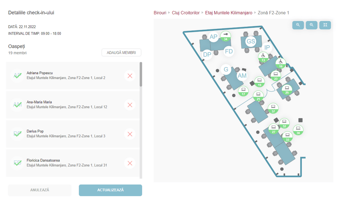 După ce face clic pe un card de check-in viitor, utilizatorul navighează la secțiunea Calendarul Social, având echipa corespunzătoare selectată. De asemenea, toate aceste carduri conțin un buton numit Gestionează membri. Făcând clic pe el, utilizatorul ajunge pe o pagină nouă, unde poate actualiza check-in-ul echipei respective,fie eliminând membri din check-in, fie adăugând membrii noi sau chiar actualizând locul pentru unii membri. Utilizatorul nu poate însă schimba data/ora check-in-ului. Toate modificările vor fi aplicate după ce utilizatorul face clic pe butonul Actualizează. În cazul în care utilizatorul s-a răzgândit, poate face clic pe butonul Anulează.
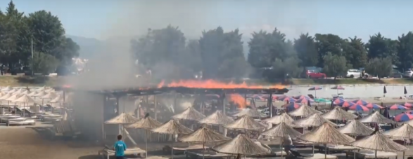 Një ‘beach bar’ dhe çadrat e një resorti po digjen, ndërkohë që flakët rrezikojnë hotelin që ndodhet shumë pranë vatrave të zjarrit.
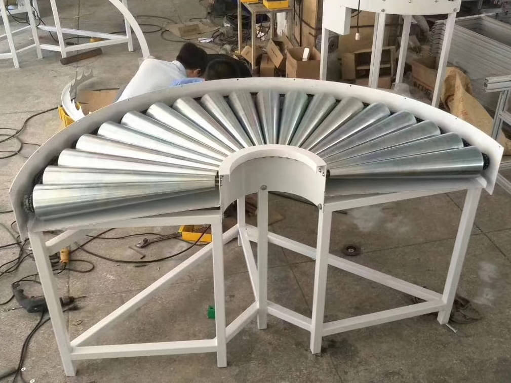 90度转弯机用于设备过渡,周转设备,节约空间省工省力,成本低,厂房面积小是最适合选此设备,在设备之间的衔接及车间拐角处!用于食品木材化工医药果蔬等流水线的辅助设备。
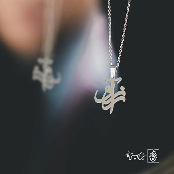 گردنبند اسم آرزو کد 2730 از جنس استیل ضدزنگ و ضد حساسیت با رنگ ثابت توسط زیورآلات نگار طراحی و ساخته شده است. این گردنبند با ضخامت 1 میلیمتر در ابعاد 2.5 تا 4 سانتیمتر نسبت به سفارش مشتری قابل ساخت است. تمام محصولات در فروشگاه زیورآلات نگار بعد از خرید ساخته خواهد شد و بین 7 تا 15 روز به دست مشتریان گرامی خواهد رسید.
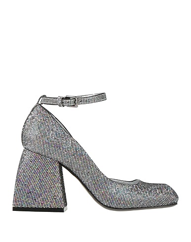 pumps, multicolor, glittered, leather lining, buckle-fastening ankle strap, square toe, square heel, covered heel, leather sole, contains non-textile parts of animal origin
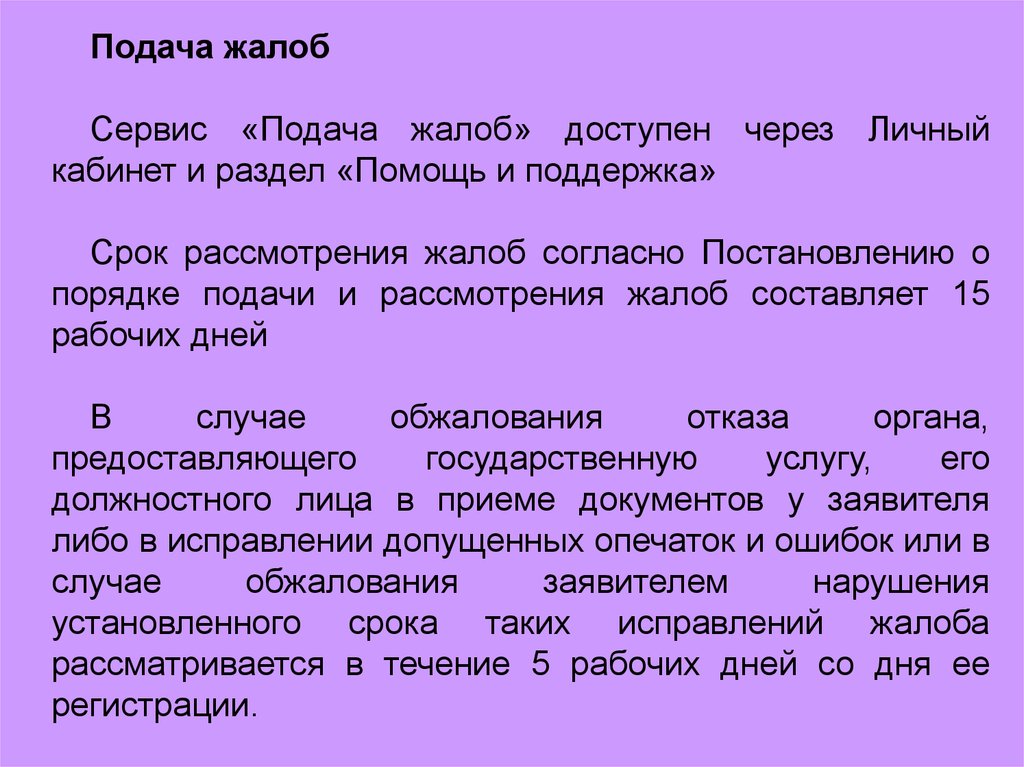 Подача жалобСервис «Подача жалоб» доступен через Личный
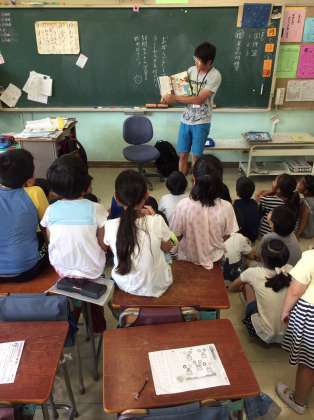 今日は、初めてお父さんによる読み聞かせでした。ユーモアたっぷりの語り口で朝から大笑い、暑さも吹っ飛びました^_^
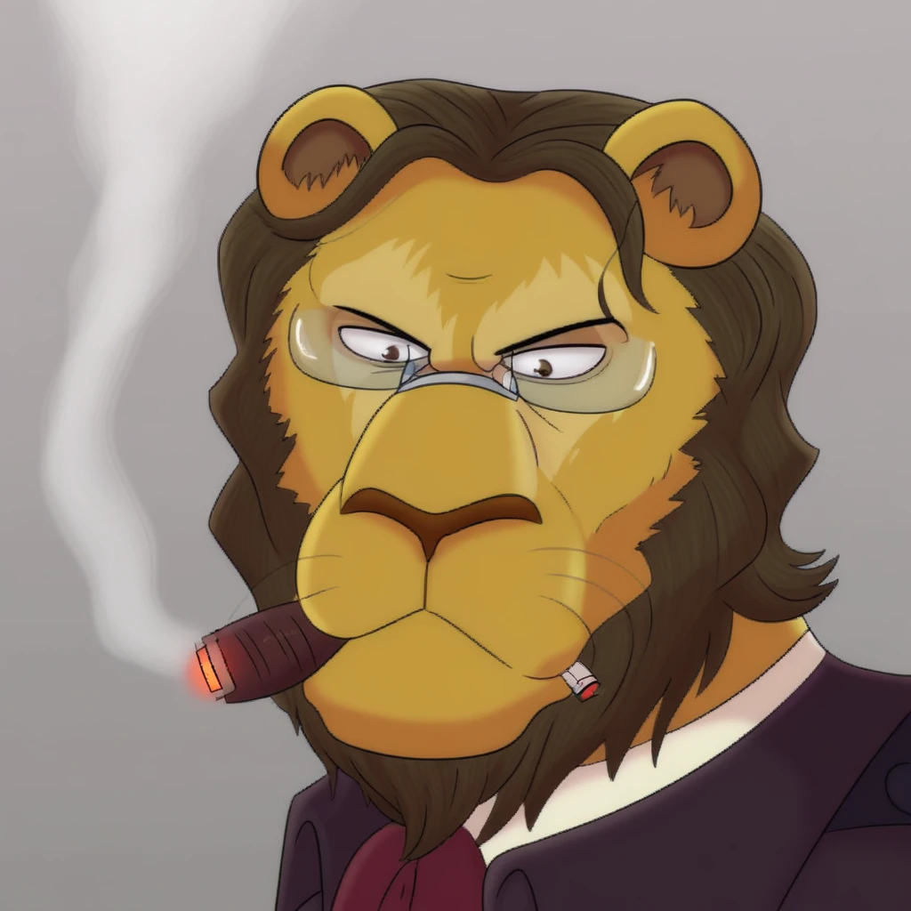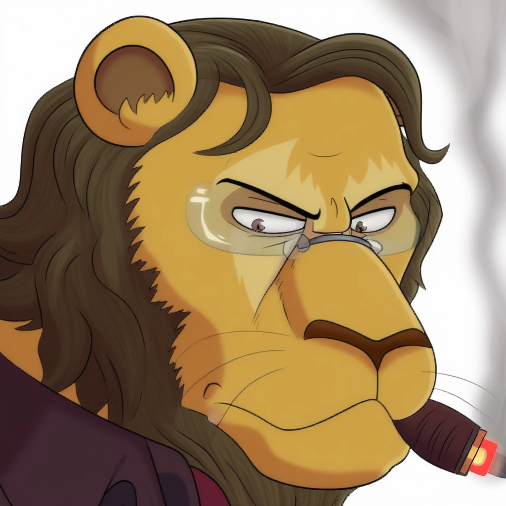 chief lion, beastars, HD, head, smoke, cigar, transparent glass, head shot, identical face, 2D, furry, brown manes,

........

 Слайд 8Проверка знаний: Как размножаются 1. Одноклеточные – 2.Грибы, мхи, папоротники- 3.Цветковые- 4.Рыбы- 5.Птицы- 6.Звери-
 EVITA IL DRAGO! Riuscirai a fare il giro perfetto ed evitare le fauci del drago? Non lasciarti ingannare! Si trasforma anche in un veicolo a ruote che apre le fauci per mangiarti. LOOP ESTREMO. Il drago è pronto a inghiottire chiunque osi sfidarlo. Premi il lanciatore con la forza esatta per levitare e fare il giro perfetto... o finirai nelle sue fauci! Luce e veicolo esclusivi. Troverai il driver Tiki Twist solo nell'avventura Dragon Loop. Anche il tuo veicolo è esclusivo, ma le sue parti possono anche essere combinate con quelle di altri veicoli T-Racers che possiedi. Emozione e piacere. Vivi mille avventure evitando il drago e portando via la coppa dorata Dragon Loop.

........

__Work task__.
Within the listing above, find the line containing "доступен через Личный" and the line containing "chief lion, beastars, HD, head, smoke, cigar, transparent". Transcribe them and everything between them exactly, leaving out the pictures.

__Answer space__.
 Подача жалобСервис «Подача жалоб» доступен через Личный
 今日は、初めてお父さんによる読み聞かせでした。ユーモアたっぷりの語り口で朝から大笑い、暑さも吹っ飛びました^_^
 chief lion, beastars, HD, head, smoke, cigar, transparent glass, head shot, identical face, 2D, furry, brown manes,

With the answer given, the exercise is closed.